Spina Bifida or Hydrocephalus can occur when one or more vertebrae in the spine fail to form properly in early pregnancy. When this happens, the nerves in the spine may be unprotected and this can lead to damage to the central nervous system.
How can you help?
- Please refer to the Guidelines on Inclusive Teaching and Assessment.
- Allow for the time and fatigue factors that may arise as the student moves between lectures.
- Be conscious that the student may tire easily and may require rest periods or breaks during lectures, tutorials or class tests.
- Never push a person’s wheelchair without their permission – offer help if you think it is required but do not impose it.
- When talking to a person who uses a wheelchair, sit down (if possible) so that you are both on the same level.
- People who walk using sticks or crutches may appreciate help with carrying belongings or opening doors
- Try to keep walkways, corridors and aisles free from obstructions.
- When walking with a person who uses crutches or a wheelchair adjust your pace to match theirs.

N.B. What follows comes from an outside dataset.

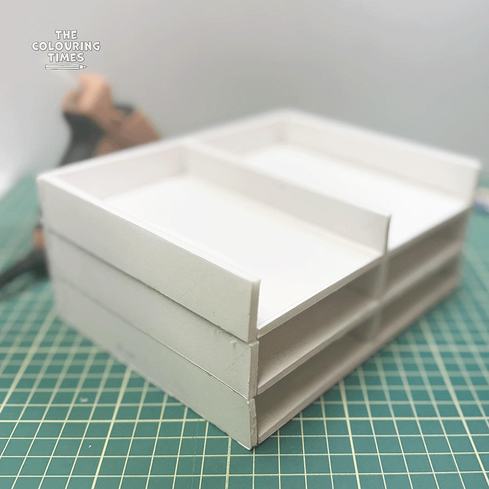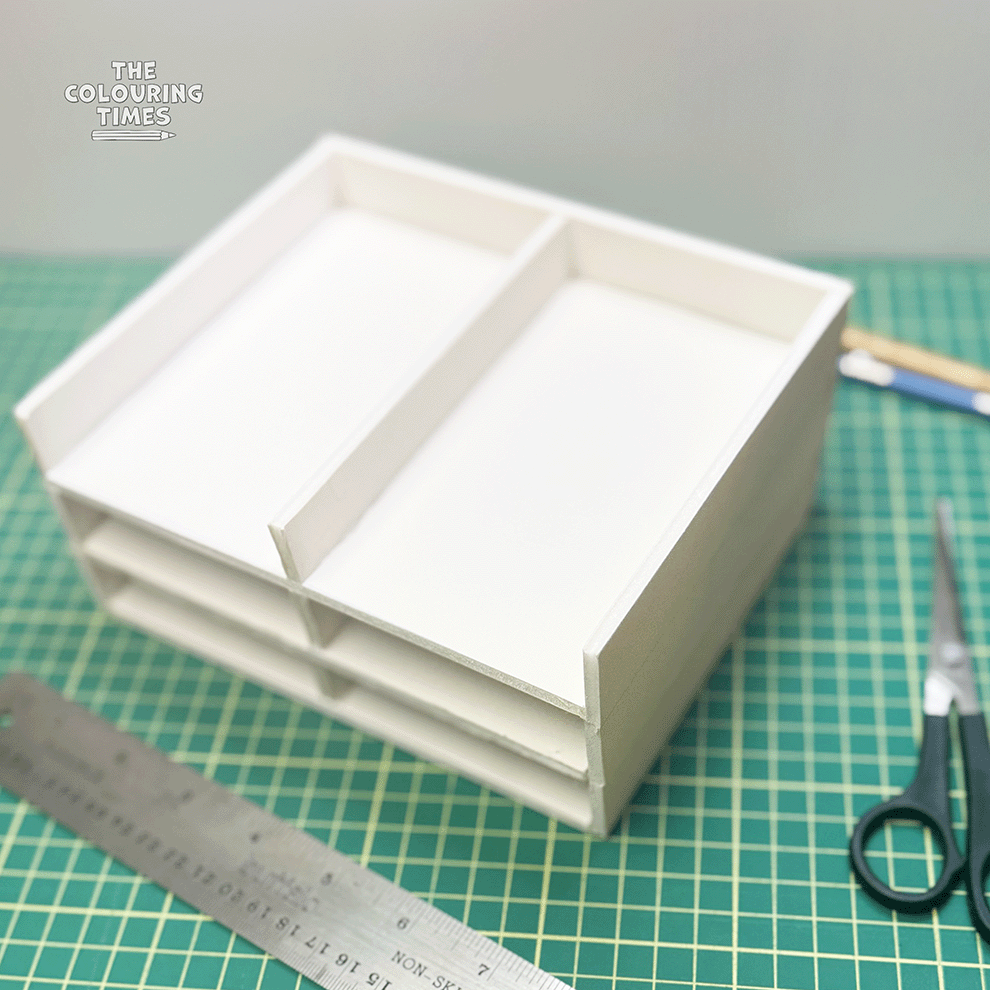 So, inspired by the designs I found, I created my own DIY Marker Storage. Itโs made mostly from white foam board and hot glue, but with a few extra details โ like an outer shell and finishing tape โ it looks tidy, sturdy, and really neat.

Supports available through DSS
- When the student registers with the Disability Support Service they receive a detailed needs assessment report
- It is a collaborative document between the student and the disability advisor, parts of which are circulated to their department.
- This report details the supports that the student needs at higher level
- The Disability Support Service will also put in place, exam accommodations, assistive technology, and should the student require, act as an advocate on their behalf.
You should aim for comfort and accessibility, ensuring all equipment is fit for purpose and comfortable for students to use. Examples include; lowered work stations for wheelchair users, or large handle or weighted lab tools for those with poor grip strength.
Ensure that the physical environment is accessible, that it has a comfortable turning circle for wheelchair users and that where possible extra power supplies can be made available for any equipment the student may need to use.
Wheelchair users should (insofar as is possible) be accommodated to sit with their peers and not be isolated from the class.
Recommendations for Examination Accommodations
- Extra time – 10 minutes per hour.
- Rest periods during the examination.
- Use of a computer or scribe where handwriting poses difficulties.